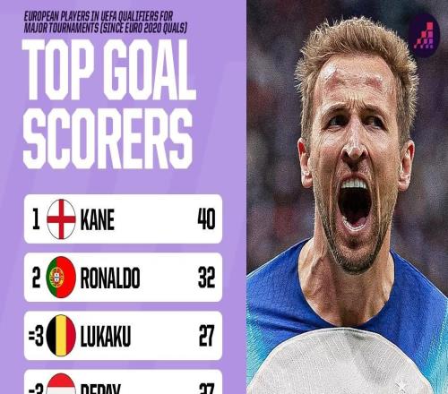 近4届欧预赛+世预赛射手榜:凯恩40球第1,C罗32球第2 -
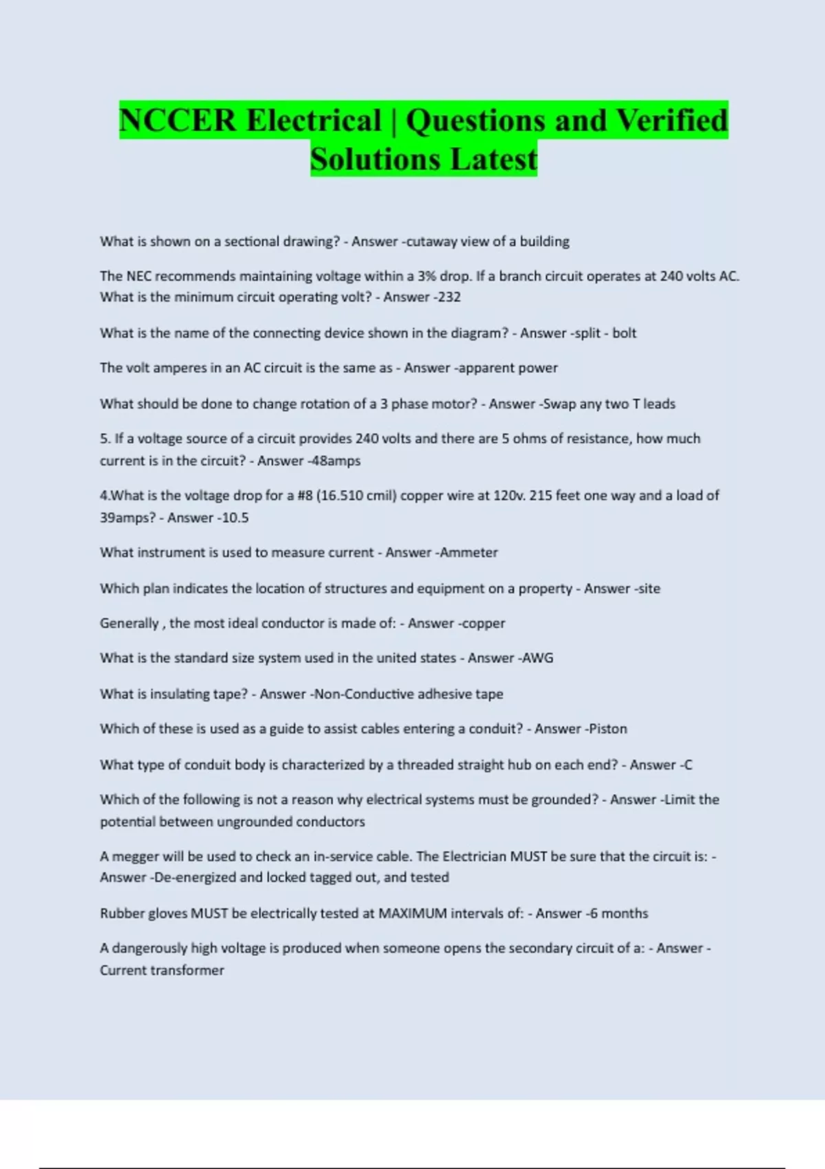 NCCER Electrical | Questions and Verified Solutions Latest What is shown on a sectional drawing? - Answer -cutaway view of a building The NEC recommends maintaining voltage within a 3% drop. If a branch circuit operates at 240 volts AC. What is the minimum circuit operating volt? - Answer -232 What is the name of the connecting device shown in the diagram? - Answer -split - bolt The volt amperes in an AC circuit is the same as - Answer -apparent power What should be done to change rotation of a 3 phase motor? - Answer -Swap any two T leads 5. If a voltage source of a circuit provides 240 volts and there are 5 ohms of resistance, how much current is in the circuit? - Answer -48amps 4.What is the voltage drop for a #8 (16.510 cmil) copper wire at 120v. 215 feet one way and a load of 39amps? - Answer -10.5 What instrument is used to measure current - Answer -Ammeter Which plan indicates the location of structures and equipment on a property - Answer -site Generally , the most ideal conductor is made of: - Answer -copper What is the standard size system used in the united states - Answer -AWG What is insulating tape? - Answer -Non-Conductive adhesive tape Which of these is used as a guide to assist cables entering a co
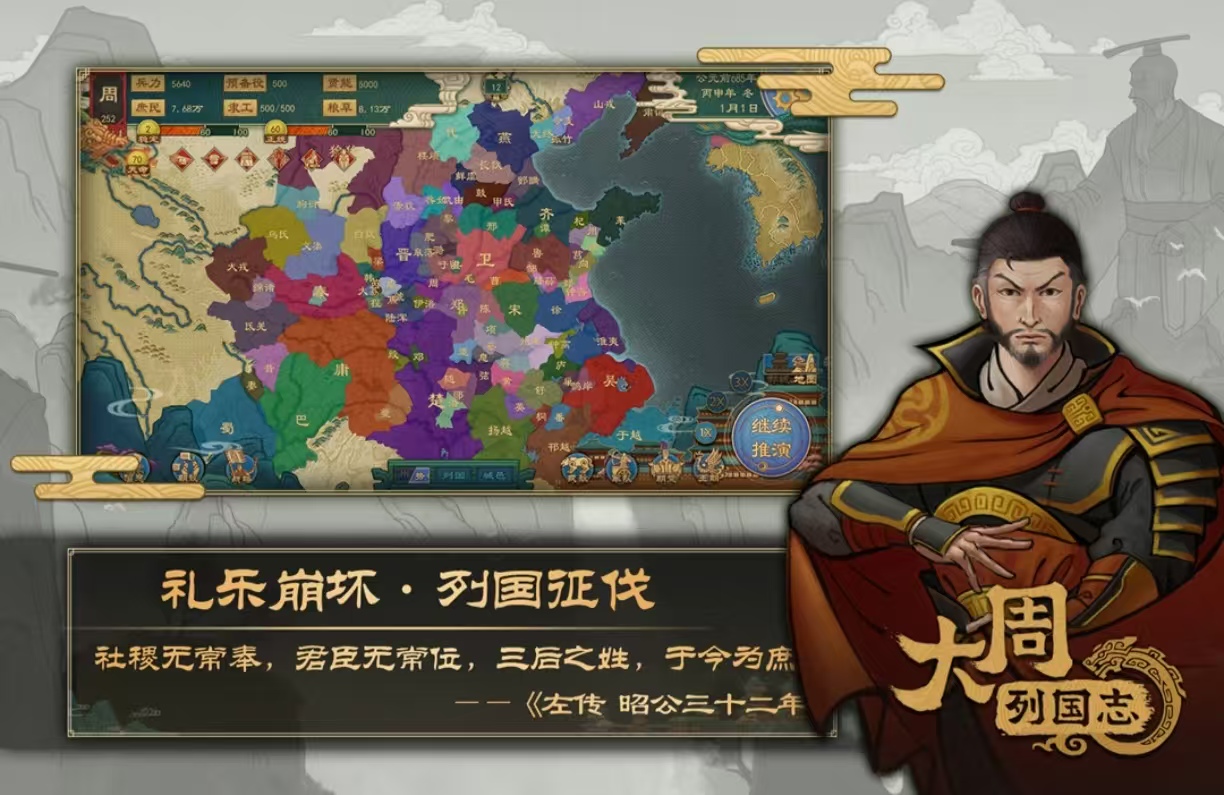《大周列国志》作为一方诸侯可以在游戏中建立城池,有很多景色都和历史非常的还原,可以体验到百家争鸣的剧情。游戏里面经历了很多的时代,每个朝代下都有不同的经营规模,在开局玩家只有0个兵力,需要从头开始发展士兵,进行农田耕种,不断的去打仗扩大势力。还可以参加朝廷上的很多事,游戏中有许多的人物和职业,可以对古代的历史有很深刻的了解。
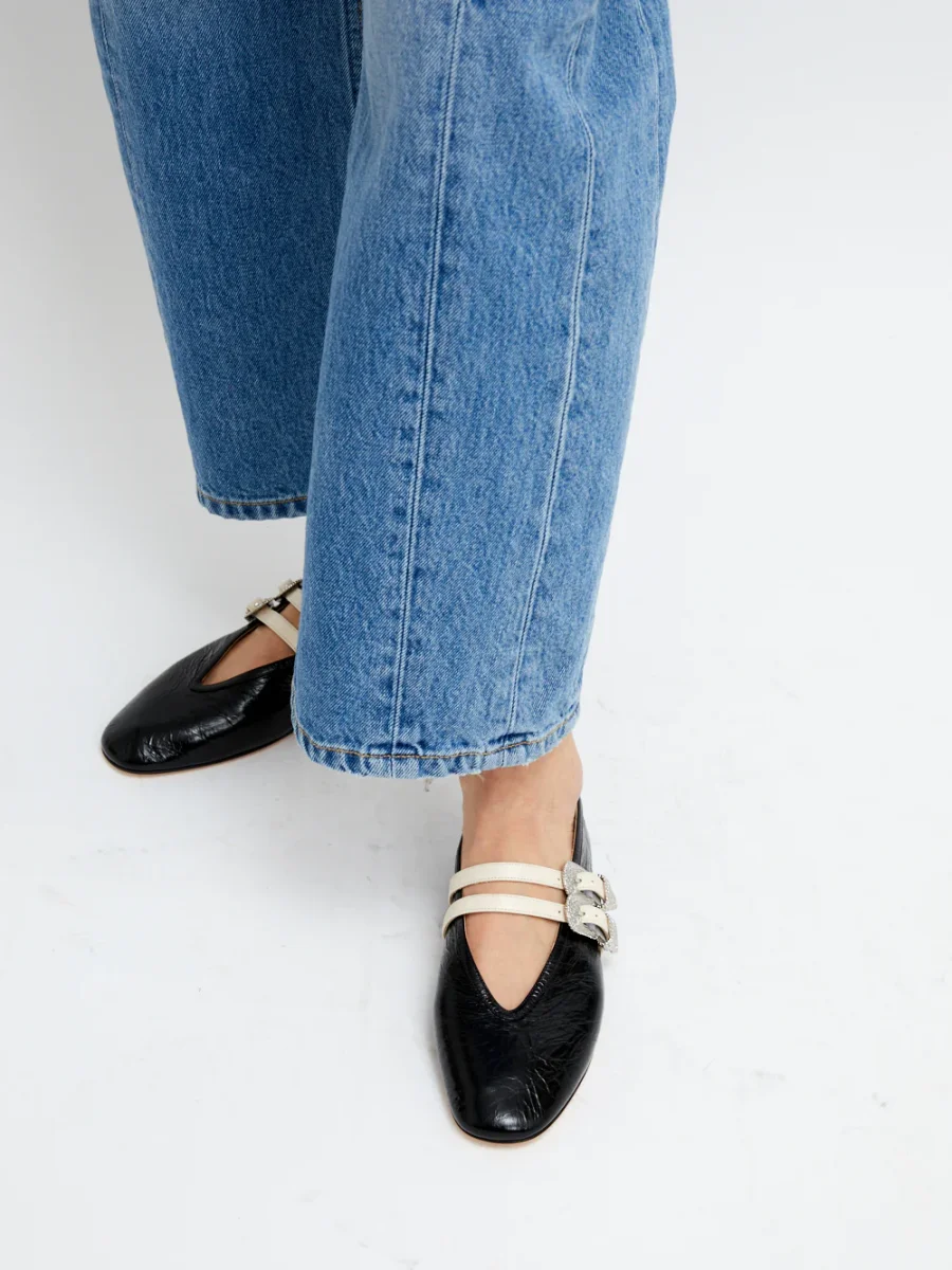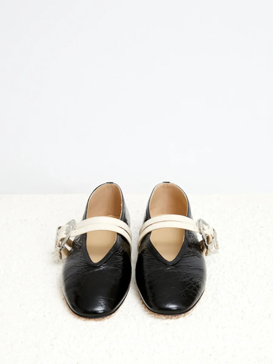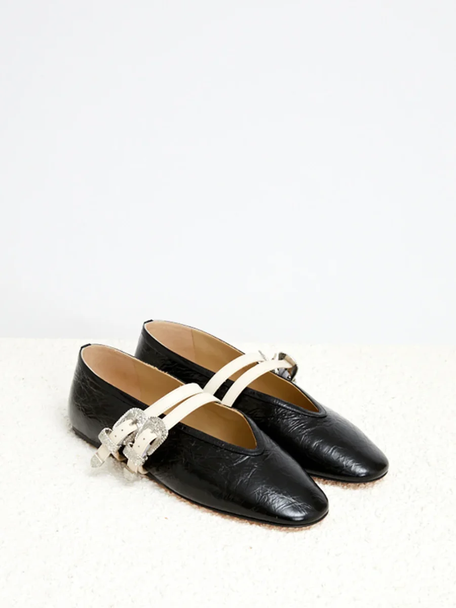 Ballerines Claudia Cuir Froissé signé Le Monde Beryl confectionné en cuir froissé noir. Une chaussure plate classique agrémentée de de deux boucles au style western pour maintenir le pied.

• PROBLEM TO WORK ON:
Any picture in the material is to be left out, and everything else is to be retyped as is.

• REPLY:
 近4届欧预赛+世预赛射手榜:凯恩40球第1,C罗32球第2 -
 NCCER Electrical | Questions and Verified Solutions Latest What is shown on a sectional drawing? - Answer -cutaway view of a building The NEC recommends maintaining voltage within a 3% drop. If a branch circuit operates at 240 volts AC. What is the minimum circuit operating volt? - Answer -232 What is the name of the connecting device shown in the diagram? - Answer -split - bolt The volt amperes in an AC circuit is the same as - Answer -apparent power What should be done to change rotation of a 3 phase motor? - Answer -Swap any two T leads 5. If a voltage source of a circuit provides 240 volts and there are 5 ohms of resistance, how much current is in the circuit? - Answer -48amps 4.What is the voltage drop for a #8 (16.510 cmil) copper wire at 120v. 215 feet one way and a load of 39amps? - Answer -10.5 What instrument is used to measure current - Answer -Ammeter Which plan indicates the location of structures and equipment on a property - Answer -site Generally , the most ideal conductor is made of: - Answer -copper What is the standard size system used in the united states - Answer -AWG What is insulating tape? - Answer -Non-Conductive adhesive tape Which of these is used as a guide to assist cables entering a co
《大周列国志》作为一方诸侯可以在游戏中建立城池,有很多景色都和历史非常的还原,可以体验到百家争鸣的剧情。游戏里面经历了很多的时代,每个朝代下都有不同的经营规模,在开局玩家只有0个兵力,需要从头开始发展士兵,进行农田耕种,不断的去打仗扩大势力。还可以参加朝廷上的很多事,游戏中有许多的人物和职业,可以对古代的历史有很深刻的了解。
 Ballerines Claudia Cuir Froissé signé Le Monde Beryl confectionné en cuir froissé noir. Une chaussure plate classique agrémentée de de deux boucles au style western pour maintenir le pied.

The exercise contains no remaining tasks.